M. Dumas partit derechef à Marseille et nous rapporta le soir même tous les éléments nécessaires à la découverte de cette tranche d’épave.
Avant d’aller plus loin, que je vous explique ce qu’était à l’époque l’avant du Grec.
Il n’y avait pas tous ces clubs de plongées et leurs
palanquées autobus, se succédant sur les deux épaves connues maintenant, le Donator et un mille plus loin le Grec. Seule la Marine Nationale plongeait sur ces deux navires coulés en fait assez
récemment, en 1945, alors qu’ils étaient entrés dans un champ de mines pour se mettre à l’abri du mistral, dans la grande passe entre Porquerolles et Port-Cros.
Il y avait quelques scaphandriers lourds un peu pirates qui s’essayaient à y faire « un peu de cuivre »…
Maintenant Le Donator, le Grec et même l’avant du Grec sont visités par des foules de plongeurs de loisirs.
Nous sommes donc partis le vendredi sur la vedette VP 771. Nous avons passé la journée en essais de matériel. Le soir comme à l’ordinaire, le Pacha a fait amarrer la VP au ponton de Port-Cros. C’était son lieu favori et il était connu sur l’île. Les habitants ne disaient-ils pas en nous voyant accoster :
- té ! voilà le « Yachte » du Commandant
Chauvin
Volontaire désigné d’office lors de la première sortie comme cuisinier, je préparais le repas pour tous. En général, je me débrouillais pour avoir des steaks et des petits pois comme vivres pour l’équipage délivrés par la DP. (Service de la direction du Port)

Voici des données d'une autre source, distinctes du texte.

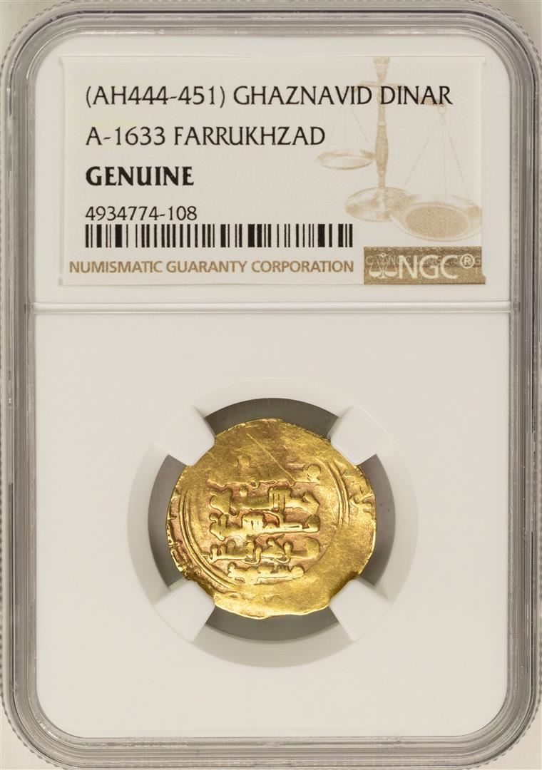 One AH444-451 Ghaznavid Dinar A-1633 Farrukhzad Gold Coin NGC Genuine. NGC Certified.
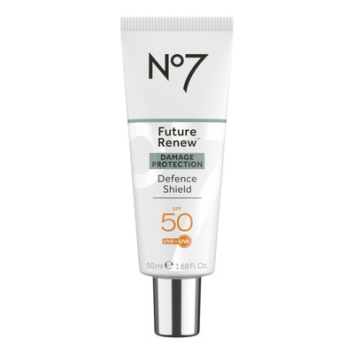 No7 Future Renew UV Defence Shield SPF50 er en dagkrem med høy solbeskyttelse som bidrar til å forebygge synlige tegn på solskader som fine linjer, rynker, tørrhet og ujevn hudtone. Formelen inneholder aldersbekjempende peptidteknologi og natriumhyaluronat som gir fuktighet og styrker hudens naturlige barriere.
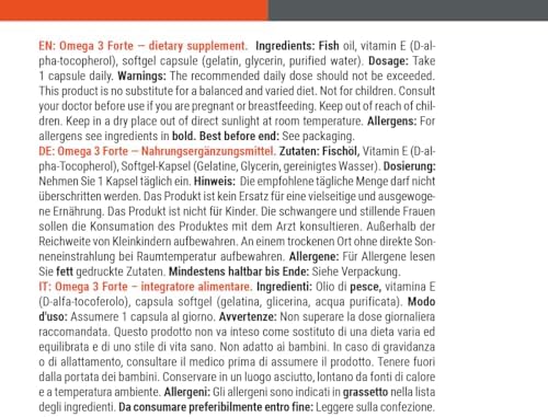 Investiere in deine Gesundheit mit Omega-3-Forte-Kapseln, die nicht nur reich an wichtigen Nährstoffen sind, sondern auch höchsten Qualitätsstandards entsprechen. Dein Körper wird es dir danken!
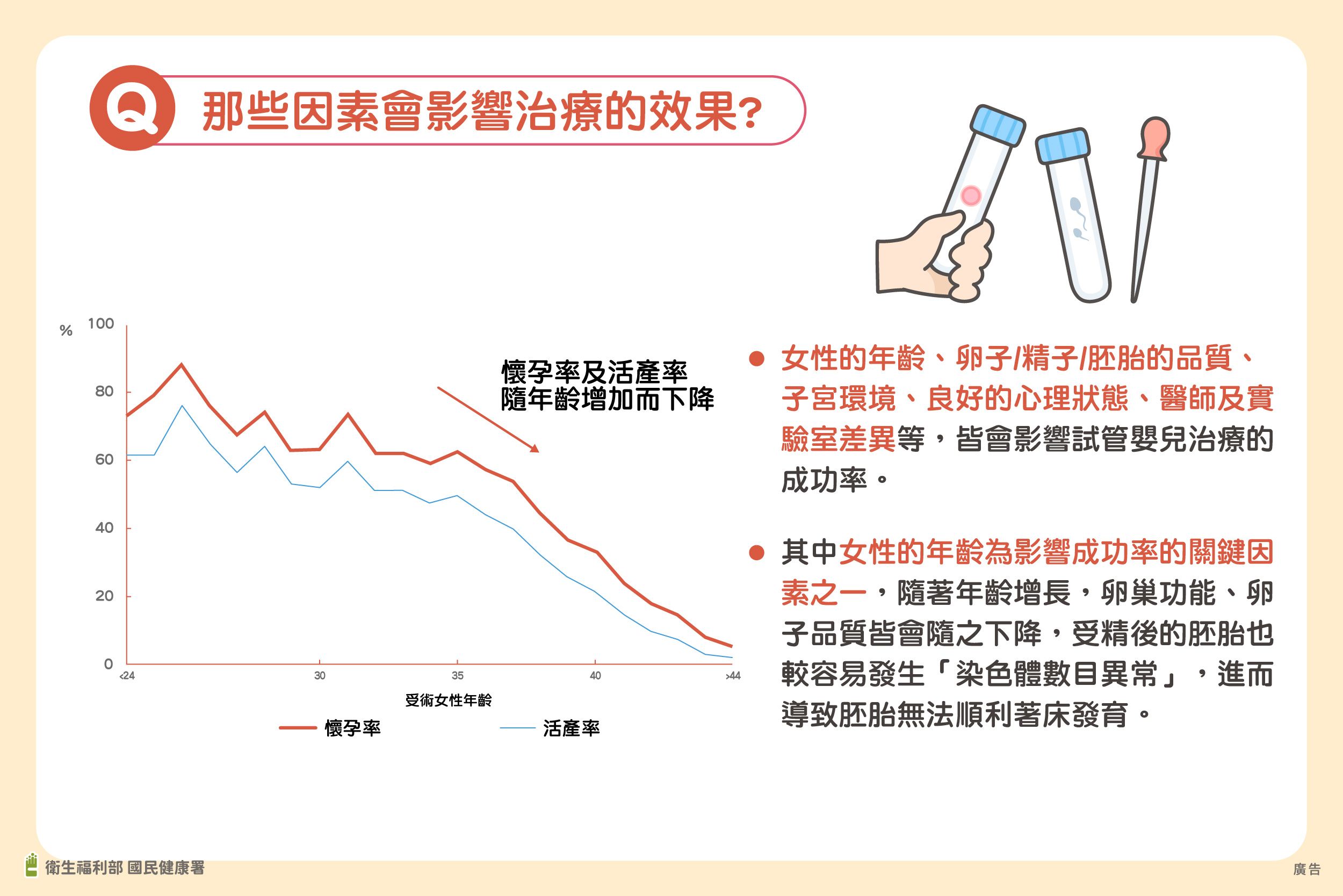 依據109年人工生殖施行結果分析報告資料顯示,我國籍受術夫妻完成植入胚胎療程,有35.0%夫妻成功產下試管嬰兒,影響成功率的因素包含年齡、精子與卵子及胚胎的品質、子宮環境、良好的心理狀態、醫師及實驗室差異等等因素,而且女性年齡是影響成功率的關鍵因素之一,所以還是要及早規劃生育(如圖1)。
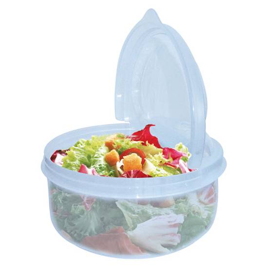 The round shape plastic container is suitable for microwave use and also storage in fridge. The clear plastic allows user to distinguish the food stored inside without opening every container. Plastic material is hygienic and easy to clean. Its big size is good for storing salad mixing and vegetables.
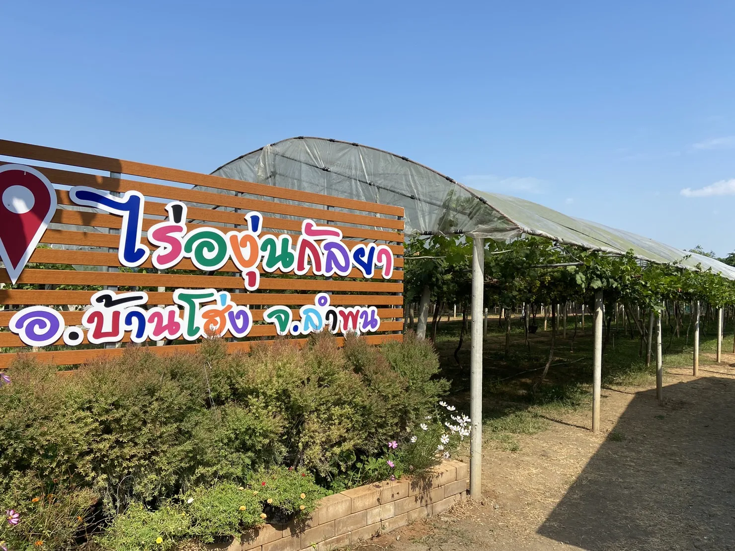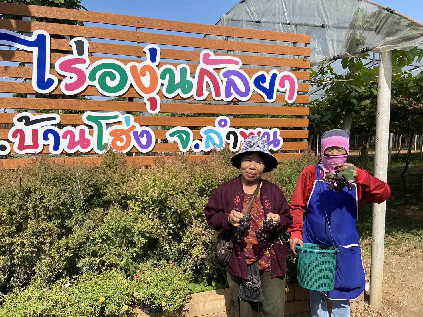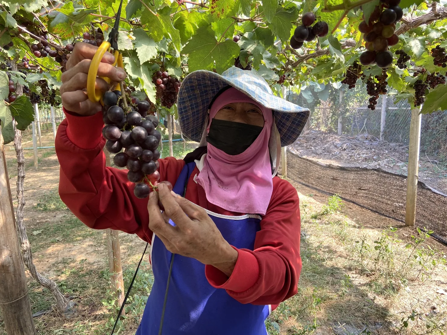 โดยมีหญิงวัยชราคอยต้อนรับเชื้อเชิญลูกค้าอยู่หน้าสวน ทราบชื่อว่า “ยายคำ” กัลยา เตจ๊ะ อายุ 68 ปี เป็นเจ้าของสวนองุ่น พร้อมกันนี้ได้พาเที่ยวชมสวนองุ่นที่ออกลูกเต็มสวน
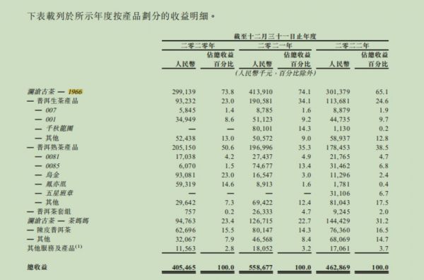 据了解,澜沧古茶除了经典产品线“1966”,澜沧古茶还推出时尚产品线“茶妈妈”,并在2022年7月推出新产品线“岩冷”。从目前产品收入结构来看,“1966”产品线依旧是澜沧古茶的拳头产品,该产品线收入从2020年的2.99亿元增至2021年的4.14亿元,分别占同年总收入的73.8%、74.1%。不过,2022年收入下滑至3.01亿元,收入占比降至65.1%。
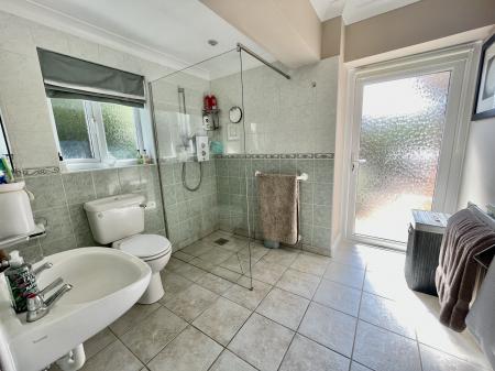 WET ROOM 8' 9" x 7' 11" (2.69m x 2.43m) Obscure UPVC double glazed window to the side elevation, obscure UPVC double glazed door to the front elevation, coved ceiling, inset downlighters, tiled flooring, extractor fan, fully tiled walls, double radiator, medicine cabinet, fitted with a three piece suite comprising low level WC, wash hand basin with taps, glass shower screen and new shower fitted.
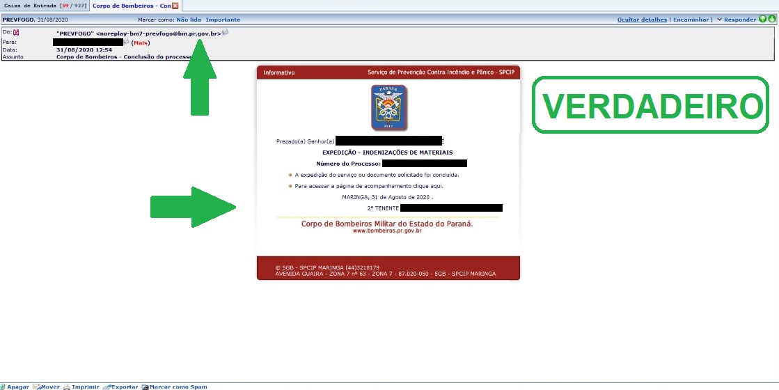 O Corpo de Bombeiros Militar não estabelece contato para informar pendências, pois cabe exclusivamente ao interessado o controle. E-mails serão enviados apenas em resposta ao andamento de protocolos iniciados pelo interessado, e sempre oriundos dos domínios @bm.pr.gov.br ou @pm.pr.gov.br. Por isso, preste atenção no endereço do remetente. Não seja enganado.
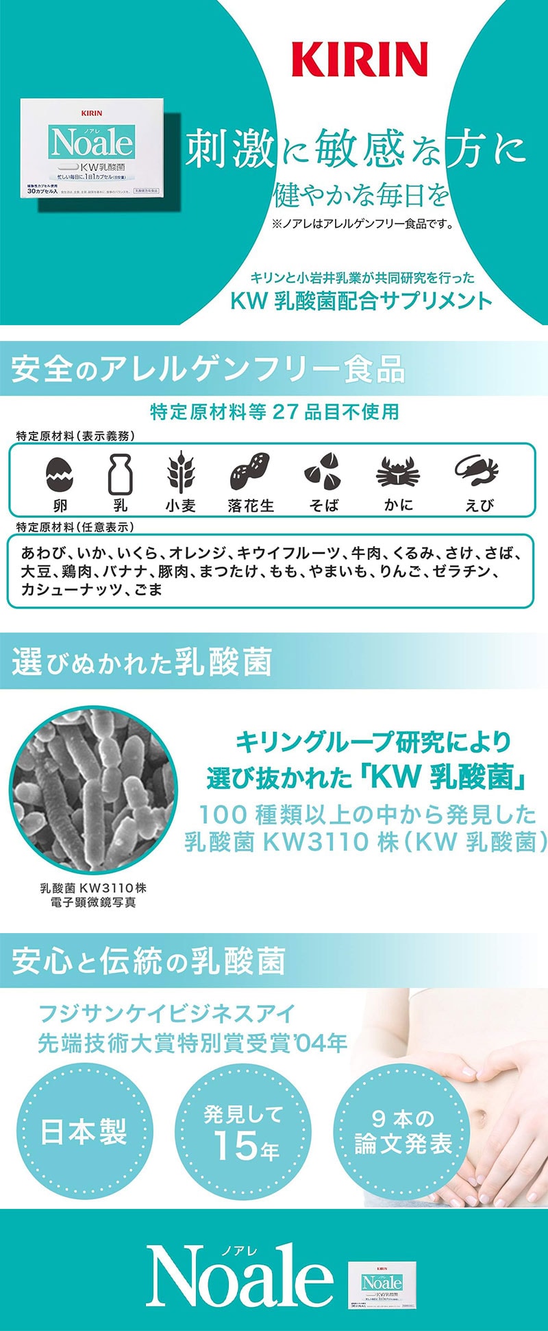 【賞味期限間近】【30カプセル×3箱】キリン Noale(ノアレ)乳酸菌サプリメント 健康サプリ | キリンと小岩井乳業が共同研究を行った「KW乳酸菌」
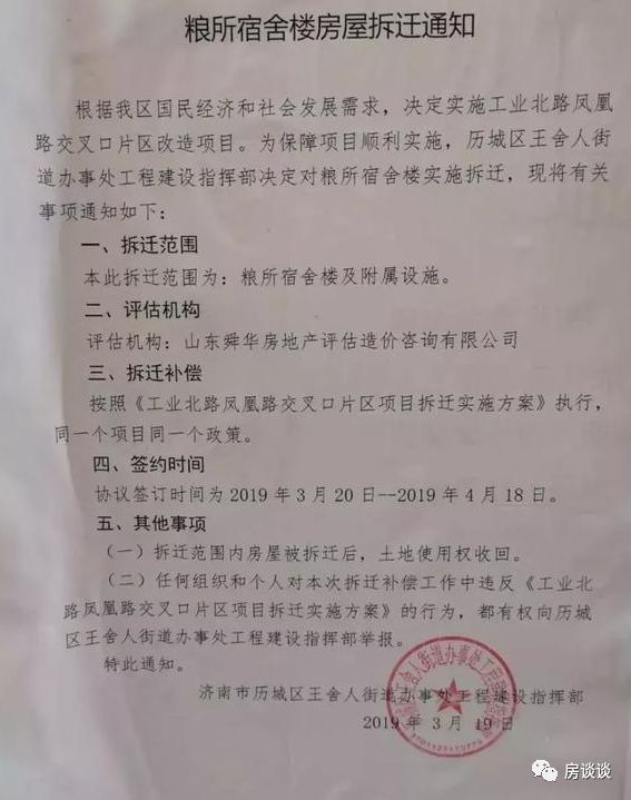 这份济南市历城区王舍人街道办事处工程建设指挥部3月19日签发的《粮所宿舍楼房屋拆迁通知》文件显示,本次拆迁范围为粮所宿舍楼及附属设施;拆迁补偿按照《工业北路凤凰路交叉口片区项目拆迁实施方案》执行,同一个项目同一个政策;协议签订时间为2019年3月30日-2019年4月18日。

Pour les officiers, avec un bon du maître chargé, j’achetais aussi des steaks et des petits pois. Dans ce cas, c’étaient des extra-fins qui mélangés à ceux de la DP en forme de grosses billes allégeaient ainsi l’ensemble. Pour les Biftecks ceux de la Marine étaient plus fermes, mais nous étions jeunes !
Donc plat unique pour tous, ce qui arrangeait bien mes talents culinaires débutants. Après le repas copieusement arrosé de rouge DP pour l’équipage et d’Aumerade AOC pour les officiers (et pour le cuisinier !) nous nous retrouvions tous au carré où un Aspirant, un recruté comme nous, jouait de la guitare.
Il était surtout spécialisé dans les biguines et autres mérengués antillais, alors nous dégustions en accompagnement un alcool lui aussi originaire de ces îles. Boisson bien connue de l’ami Jean-Luc.
Aussi le lendemain matin, il ne régnait pas une bien grande forme au sein de l’équipe de plongée.
Cependant, il fallait respecter le programme et se rendre sur l’épave du Grec et découvrir son avant fantôme.
Arrivés sur place les volontaires ne se bousculaient pas, et ce d’autant plus qu’une grande houle venant sans doute d’un coup de vent dans l’Ouest nous faisait rouler bord sur bord. Avec mon ami Jo Imbert, nous étions sans doute les moins touchés par les ravages du Tafia de la veille. Aussi le Pacha s’est tourné vers nous sachant que nous étions toujours partant du moment qu’il s’agissait de plonger.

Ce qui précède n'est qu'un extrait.